You sound like you never been high. If you haven't, good for you; but that means you don't know what you're talking about then if you never experienced a hallucination (same thing I tell drug counselors that have college degrees, but never took a sip, popped, smoked, etc.) Your brain can tell you that everything you're experiencing is NOT real, but your mind will not listen (or vise-versa, depending).

I'm not saying they took drugs, just pointing out the reality of a hallucination. Plus, they were in space, came out of a deep sleep, who knows what that can do to a person. It's like being in a coma.

_
Every person that served can be called a veteran, but not every veteran can be called a Marine.

reply

I agree it was a weak scene - she had just told the rest of the crew that she had hallucinated her son, so why would she suddenly fall for the same hallucination?

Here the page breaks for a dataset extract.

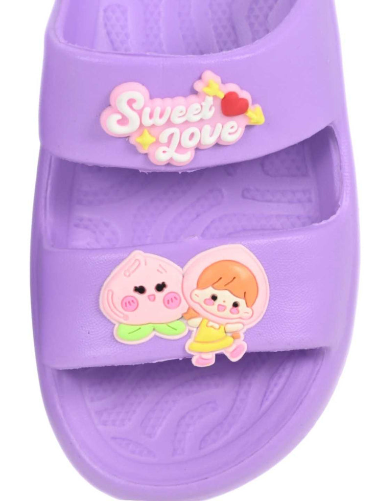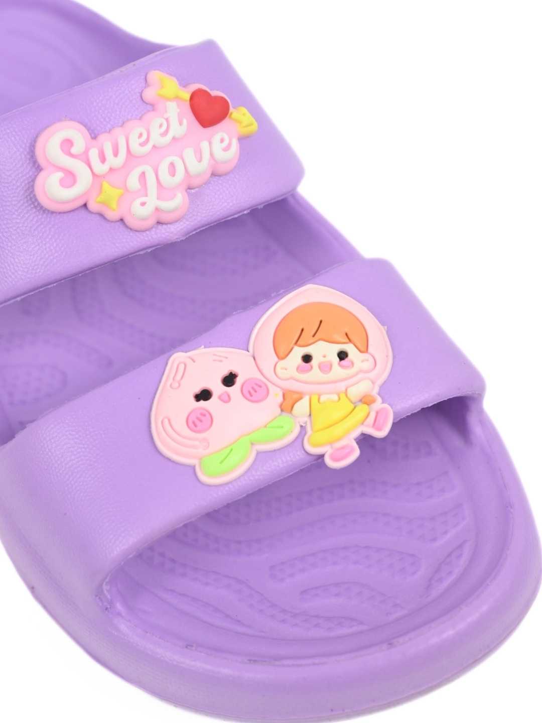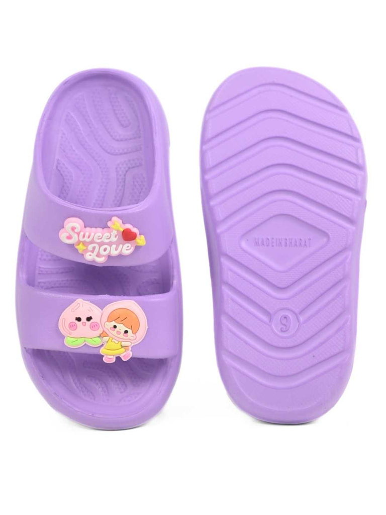 Step into a world of cuteness and comfort with Yellow Bee’s Charming Sweet Love Double Strap Slides in purple. Designed with adorable cartoon and heart charms that say “Sweet Love,” these slides instantly brighten up your little one’s day. Made from lightweight EVA, they provide lasting comfort for active feet while adding a splash of playful style. A perfect mix of fun, fashion, and functionality for growing kids.

My guess is that she wasn't aware she was hallucinating until AFTER the hallucination was over. However, the captain knew he was hallucinating the burning crewman. Maybe it effects people differently.

reply

My guess is that she wasn't aware she was hallucinating until AFTER the hallucination was over.


Sort of like how we don't always realize we're in a dream.

Let's be bad guys.

reply

Kinda like the Mattix.. I chose the blue piill.. I don't wanna know the truth bc it's too scary.

reply

But it supposedly wasnt just seeig things cuz he could feel the flames. And since it was that real it makes sense why peters thought the ship could transport her son there. But it was just a clone evil form of her son not the real son. So it kinda makes sense why she believed it and not wanting ther son to go to hell with the engineering part of the ship once the bombs went off so she had to make sure but i also think she was possessed a little. Cuz right before she falls when she is catching her breath why does a flash of her already dead pop on screen before she falls? I think its showing that it is possessing her against her will maybe

reply

Whatever happened to her right there was more than hallucination. It was more like a dementia. She'd have had to snap out of it in order to know what she was doing. I say that having spent time around a person with dementia.